The car was inspired by the “Marquis” a Renault 4CV based coupé, a design acquired for production under licence in the United States but which had never entered production.   More direct inspiration came from the “Allemano”, another Renault 4CV based coupé prototype, and modified by Chappe et Gessalin, the firm that would assemble the early “glass fibre” bodied A106s for Alpine.

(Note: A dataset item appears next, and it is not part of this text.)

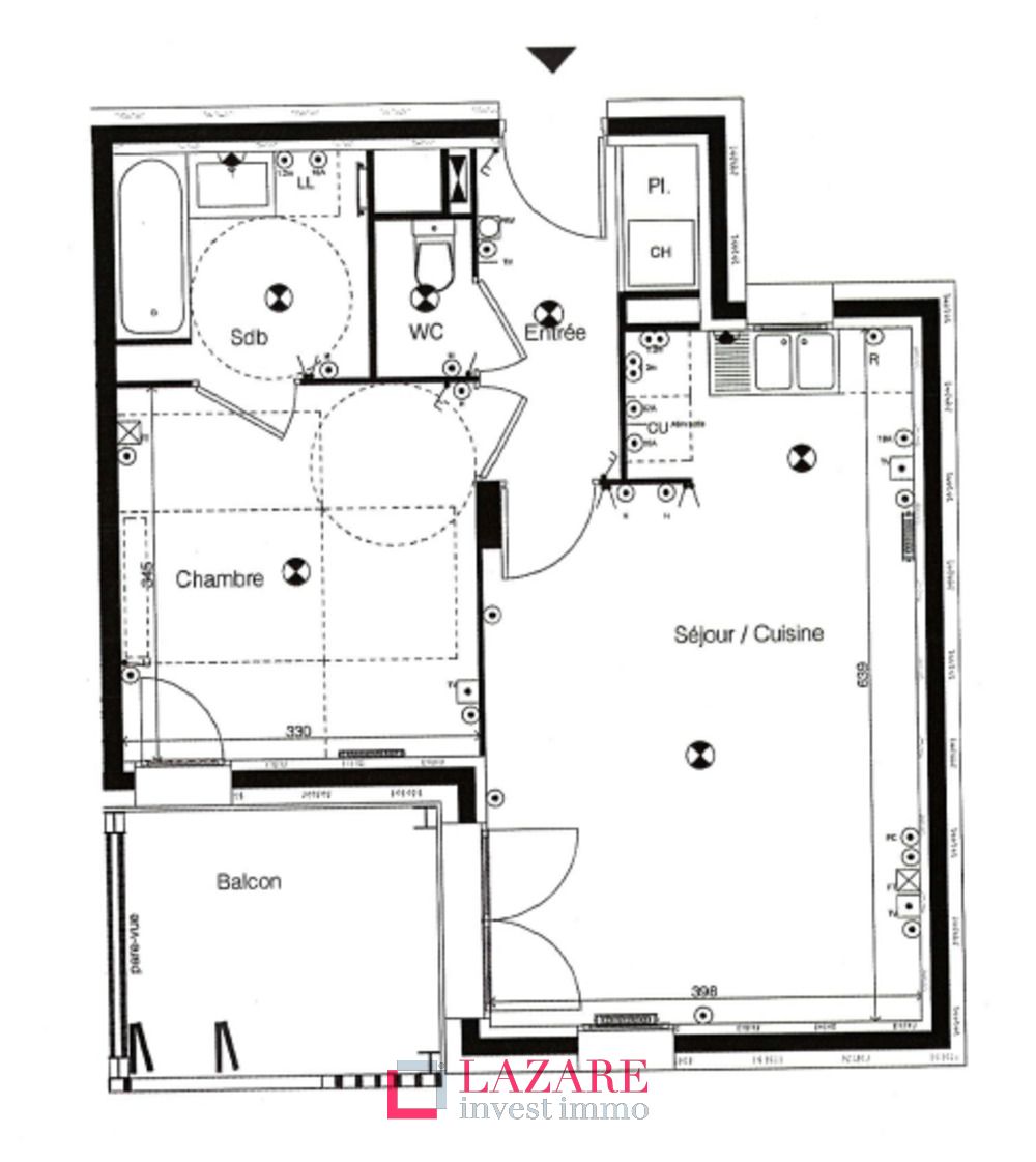 Bien composé d'une entrée avec placard intégré, donnant sur séjour/cuisine équipée de plus de 23 m² avec accès sur balcon/terrasse.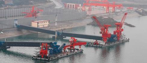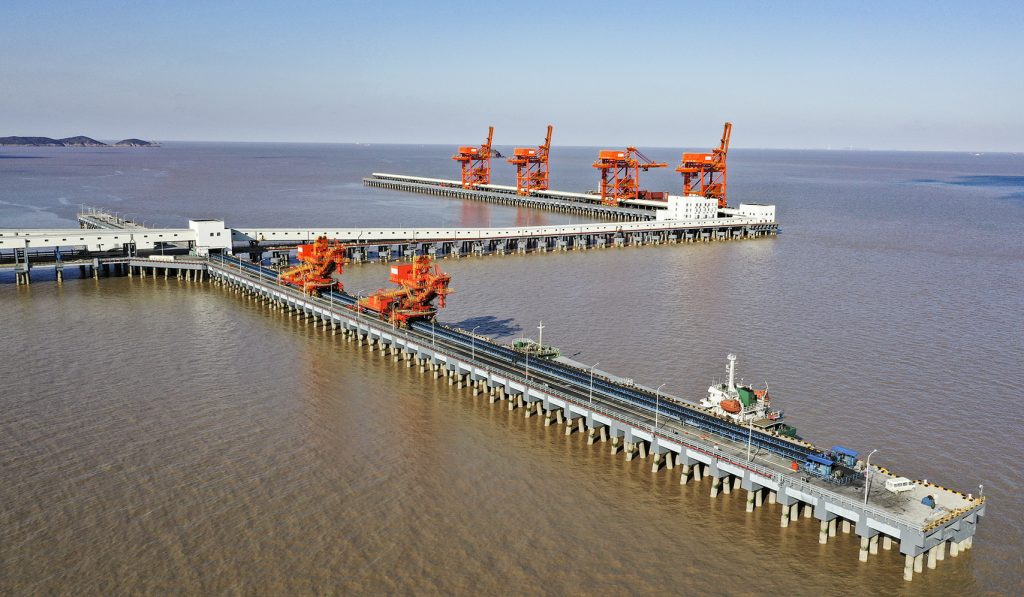 世界杯官方网站入口承接的浙江石油化工有限公司4000万吨/年炼化一体化基地配套码头工程干散货码头带式输送机及附属设备系统装置项目,包含8条皮带机及其他附属设备系统,其中4条2200mm大带宽带速5m/s,运量7680t/h,采用中部三驱动布置形式,电机功率3x800kw,单机长度950m。

Under the skin, the A106 closely resembled the 4CV. The more sporting  “A106 Mille Miles” would derive from a competition version of the 4CV model developed by Renault.

The name
The number “106” also came from Renault. 1060, 1062 and 1063 were the reference numbers under which the 4CV had been registered with the French homologation authorities. The Alpine 107 was a steel-bodied prototype, which never entered production.

The launch
The emphasis at this stage was not on selling cars to the public but on chalking up successes in competition, indicating financial support from Renault for Alpine. Following on from the one-off “Marquis” and “Alemano” prototypes, in the summer of 1955 the first three Alpine A106s, painted respectively red, white and blue, were presented to Renault CEO Pierre Dreyfus in the yard at  Renault's large (though by now rather cramped) Billaincourt plant. The cars had been assembled by Chappe et Gessalin, in order to meet a special order received from Charles Escoffier, the owner of a large Paris based Renault dealership who also happened to be the father in law of Jean Rédélé.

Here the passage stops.